I took the bus to the bridge, and it actually went very smoothly. I got a bunch of odd looks and mutters from the locals (it was in a part of the city where the signs aren't even transliterated into pinyin, and that's a part of town that you know must not see a lot of westerners). One of the buses I took was more or less the crosstown local, and if you could pack more people into a bus, I'd like to see it. It even makes the rush hour IRT look like a cakewalk. I spent pretty much the whole hour-long ride standing up, pressed up against the window, just trying to keep it together, while thinking about everything I don't like about Beijing. There were people on that bus who were more intimate with my body than some girls I've hooked up with.

There is a memorial at the bridge (where World War II started, if you count the Sino-Japanese war, which you probably should) which I found a stirring, amazing piece of Socialist Realism. People knock socialist realism for being trash, and most of it definitely is, but it's also art designed for a specific purpose, and when it's employed for that purpose, the effect can be striking. There were a series of remarkable reliefs, with dramatic, exciting compositions, and creepy ideas about why the Chinese prevailed (the creepiest: "undying hatred for the enemy"). What it impressed on me is the reality that we in America have no comprehension of the sheer disaster and horror that the Sino-Japanese war and the various conflicts preceding it was for the Chinese. The slaughter and the terror is simply unimaginable, and the memory burns brightly at least in the government approved narrative of the conflict. It is something they won't just forget and maybe that we shouldn't expect them to forget.

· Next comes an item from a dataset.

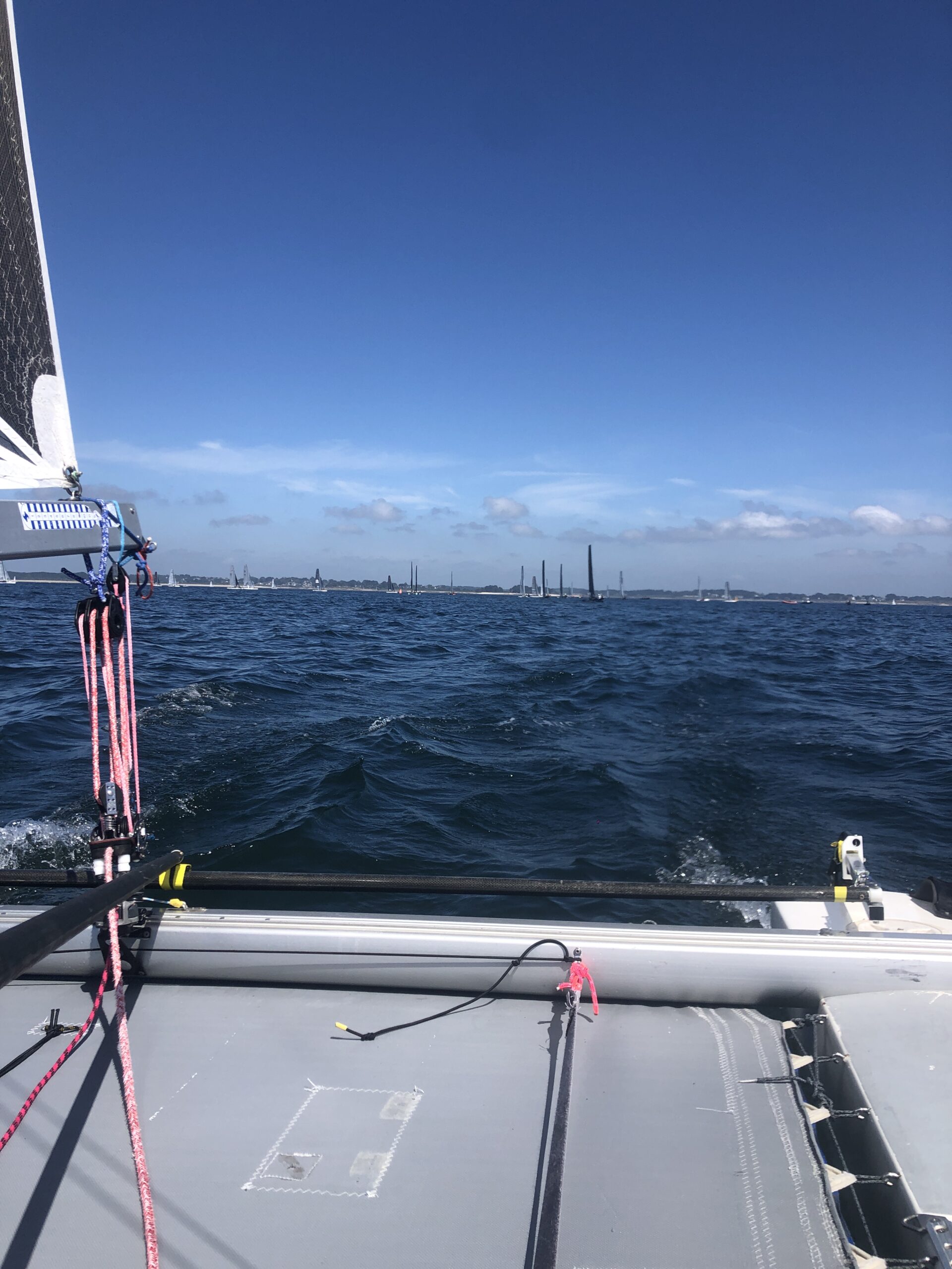 Un grand bravo à Lolo et Oliv’ qui ont bien marchés sur la première moitié, tournant la cardinale Nord Banc de Quiberon en 4eme position. Mais dans ce vent plutôt faible, les récents F18 et F16 menés par d’autres marins talentueux ont réussi à les rattraper puis dépasser sur le fil à la ligne d’arrivée. Ils se retrouvent tout de même à une belle 10ème place au scratch, et une plus belle 3ème place en C1.

What I wasn't taught in Social Studies was that the Marco Polo Bridge was not only where World War II started (and, in fact, it didn't actually start there, but right nearby, at a railway junction near the walled village of Wanping) but a gorgeous piece of architecture. The bridge is lined with about 150 carved stone lions, each of them unique. This was one of the few times this trip where I was really impressed by something on an artistic level. The detail and posing of these lions is really exquisite. It's also one of the few really old things in Beijing, dating back to the Liao Dynasty. Most of Beijing is actually relatively new, since the Mongols razed Beijing to the ground in the 1100s, and the Ming destroyed most of the old Yuan structures. Additionally, what many people don't realize (or at least, I didn't) is that Beijing was not the capital or even main city in China until Kublai Khan's time. Most native Chinese dynasties had other cities (Nanjing, Xian, Kaifeng) as their capital. The Ming were the only fully Chinese dynasty to have Beijing as their capital.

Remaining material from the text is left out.